Yesterday, Iris Yob and I met with the presidents of the Sarasota Concert Association and Friends of the Sarasota Concert Association, a well-established, not-for-profit volunteer organization that sponsors performances of classical music in this Florida city. What might be done, we were asked, to foster a greater love of and participation in Western classical music among the rich tapestry of musical traditions in Sarasota and beyond? As we talked about the important role of music education in musical and civic life, I thought back to the early nineteenth century when musicians realized that for the good of the republic, a concerted and national program of music education was needed to inspire youngsters to sing and play the best of music artfully.
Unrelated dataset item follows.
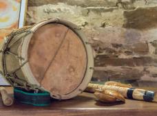 También la artesanía, con una muestra de instrumentos musicales entre los que destaca la gaita de dos agujeros del tamborilero que se muestra junto a castañuelas y el tambor.

Musicians and educators of that time realized that if the United States was to meet the mounting and rampant industrialization and inhumanity of that age, and if this country aspired to be a civilized and cultured nation, it needed to sponsor and preserve the arts. To these ends, musicians, educators, and the public at large mounted a grass-roots campaign with national reach to foster publicly supported education for all children, irrespective of their economic or social status, and to extol music as a means of humanizing society and offering artistic expression for all children. If we remain serious about these objectives as musicians, teachers, and policy makers, it is essential to mount another campaign to meet the incivility of our time, and in a differently mediated environment, to press, yet again, and with renewed effort, for a humane and art-filled education for young and old. As an educator, I cannot relinquish hope that we can and must improve not only music education, but education and society more generally. Our challenges may be different today, but the imperatives for a humane education remain just as compelling as they were in another time.
Support for the need to rethink the big educational questions of our day comes from different quarters. I think of last year’s UNESCO Report entitled, “Rethinking Education: Towards a Common Good?” (2015) as a call for dialogue and a starting point for thinking about what our present aims might be. The subtitle, “Towards a Common Good?” addresses the question of whether or how shared values might unite the world’s people and what this good or these goods might be? Among other things, the report stresses the need for reaffirming humanism and humane values. Some will doubtless lament the figure of the human tree on the cover of this report with its evocation of monolithic and arborescent thinking, and long, instead, for the pluralistic and rhizomatic possibilities that might include what Plato would think of, dialectically, as the “one and the many.” Still, the substance of the material between the report’s covers provides rich philosophical ground to mine and critique for music education.
Cultural commentators have also pointed to the importance of the arts in fostering humanity. For example, writing in the New York Times (Op Ed, Friday, January 15, 2016, A27), in a piece entitled, “When Beauty Strikes,” David Brooks describes the scene in a large empty space with floor-to-ceiling windows in a building across the street from his apartment that has been taken over by a ballet school. Caught by the beauty of the dancing he could now witness, he was moved to write about the power of the arts in evoking spiritual experience that is transformative toward the good, elevates the prosaic to the transcendent, and provides a vision of a better self. In music education, writers such as Deanne Bogdan, June Boyce-Tillman, David Carr, Anthony Palmer, and Iris Yob, and the Spirituality and Music Education group (SAME) have advocated for the spiritual values of music education in their published pieces in the Philosophy of Music Education Review, Music Educators Journal, and other music educational venues. Still, in all of the philosophical talk of technique, musical theory and practice, and unmasking of modernity in music education, it is easy to overlook the power that music education represents as a potential force for good in education and society.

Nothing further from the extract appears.